Magennis was set-up by Boyd after more good hold-up play, but he blasted straight at the keeper from a long way out.

The second-half went much the same way as the first; with Hamilton spurning chances, Imrie and Crawford in particular without a sight on their shooting boots. They were, at least, getting shots at goal.

Killie weren’t getting much out of the game and Boyd was unlucky not to be awarded a penalty when he went down under a challenge following a Magennis cross. Following that incident, Hamilton raced up the pitch and Dougie Imrie shot just over from the East-Stand side.

Jamie Hamill, on for the injured Craig Slater in the first half, should have done a lot better when he met a Greg Kiltie cross with his head. However, he misjudged his leap and the ball sailed well over the bar. Boyd did a little better from a freekick soon after, but couldn’t get the ball under the cross-bar, with McGovern well beaten.

Naturally, it was from a corner that Killie met their undoing.

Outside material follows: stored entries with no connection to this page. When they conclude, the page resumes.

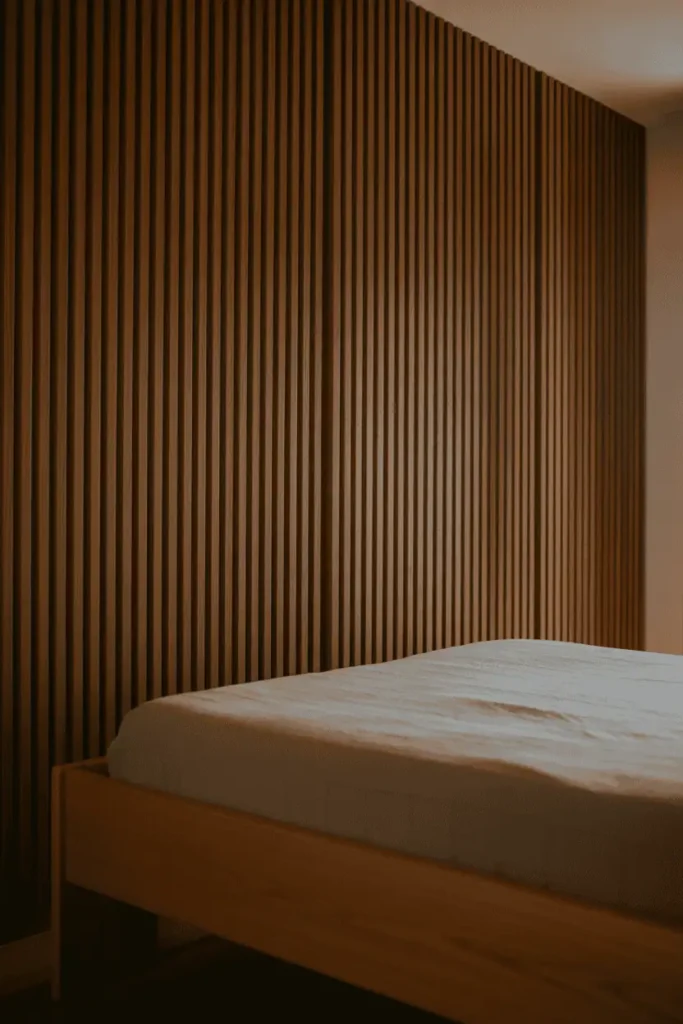 Wooden slats installed vertically behind the bed create depth without adding furniture. The slats can run floor-to-ceiling or just behind the headboard, and they work in both light and dark finishes depending on the room’s existing palette.
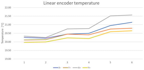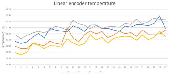 The temperature at selected points on the machine tool was also monitored. Specifically, these were linear encoders’ X and Y axis measurements where two temperature sensors were placed on each linear encoder’s measurement. The measurement process of setup 1 took 5 h. The horizontal axis of the graph in Figure 12 shows the number of measurements. The temperature difference during the measurement did not exceed 0.8 °C. From this point of view, the measurement is considered to be temperature-stable.
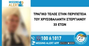 Με τον πιο οδυνηρό τρόπο ολοκληρώθηκε η υπόθεση της εξαφάνισης του Χρυσοβαλάντη Στεργιανού, ηλικίας 33 ετών, σκορπίζοντας βαρύ πένθος στην οικογένεια και στους ανθρώπους που τον αναζητούσαν επί εβδομάδες. Ο άνδρας εντοπίστηκε, σύμφωνα με τις διαθέσιμες πληροφορίες, στην περιοχή του Ζεφυρίου, λίγες ημέρες μετά τη δήλωση της εξαφάνισής του, και μεταφέρθηκε εσπευσμένα στα επείγοντα νοσοκομείου, όπου και κατέληξε.
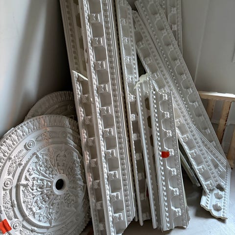 Grundmålade taklister, golvsockel, dörr- och fönsterfoder
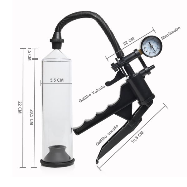 • Com a ausência de ar dentro do tubo ao iniciar o bombeamento seu pênis será sugado e crescerá dentro da câmera de vácuo chegando a ficar totalmente rígido.
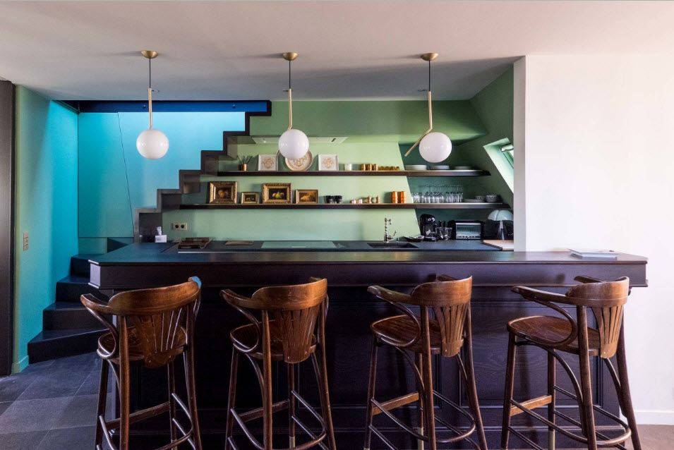 Можно с помощью такого приема оформить стенку над бар-стойкой

Syme lost his man and Morris got a free header, beating MacDonald in the process.

Obadeyi replaced McKenzie and McHattie was replaced by Carrick in the genius tactical move of ‘get more strikers on’. Obadeyi injected some much-needed pace and enthusiasm (and some little-needed erraticness) into the team. He did well down the East Stand side and fired a cross in for Carrick, who collected around the six-yard box but fired over. That was to be last meaningful event in the game.

However, what was more meaningful was that Gary Locke handed in his resignation on the Saturday night, which was gladly accepted by the board. Said board have instated interim manager Lee McCulloch for the Scottish Cup clash against Rangers on Saturday. Rumour abound that Killie have reached out to Billy Davies for the next managerial appointment. However, the Killie faithful will hope that the board go through a better managerial scouting process than they did with the last few incumbents.

Killie still sit in the relegation playoff position, eleven points ahead of Dundee Utd (who have two games in hand) and one point behind Thistle (who have three games in hand). Whoever they appoint as their next manager will have an uphill struggle of epic proportions to keep Killie up this season.

 

Comments

Gary Locke:  "It's difficult, But the players have to take responsibility on the pitch. I didn't think there was a lot between the two teams, A set piece wins it for them. Overall it was a poor game with both sides - especially ourselves early in the game - looking nervous. We saw a lack of confidence from some of the players, but the only way they're going to get through it is by digging in. It looked [a penalty] from where I was, I didn't see any reason for Kris to go down, he's the type of lad who wants to score a few goals. It was a bad result, but there wasn't anything in the game. We didn't get outplayed or anything like that, it's just a bit of confidence lacking. The only way you're going to get that back is by winning football matches. We're well aware that we need to start doing that."

Gary Locke "resigned" the same evening.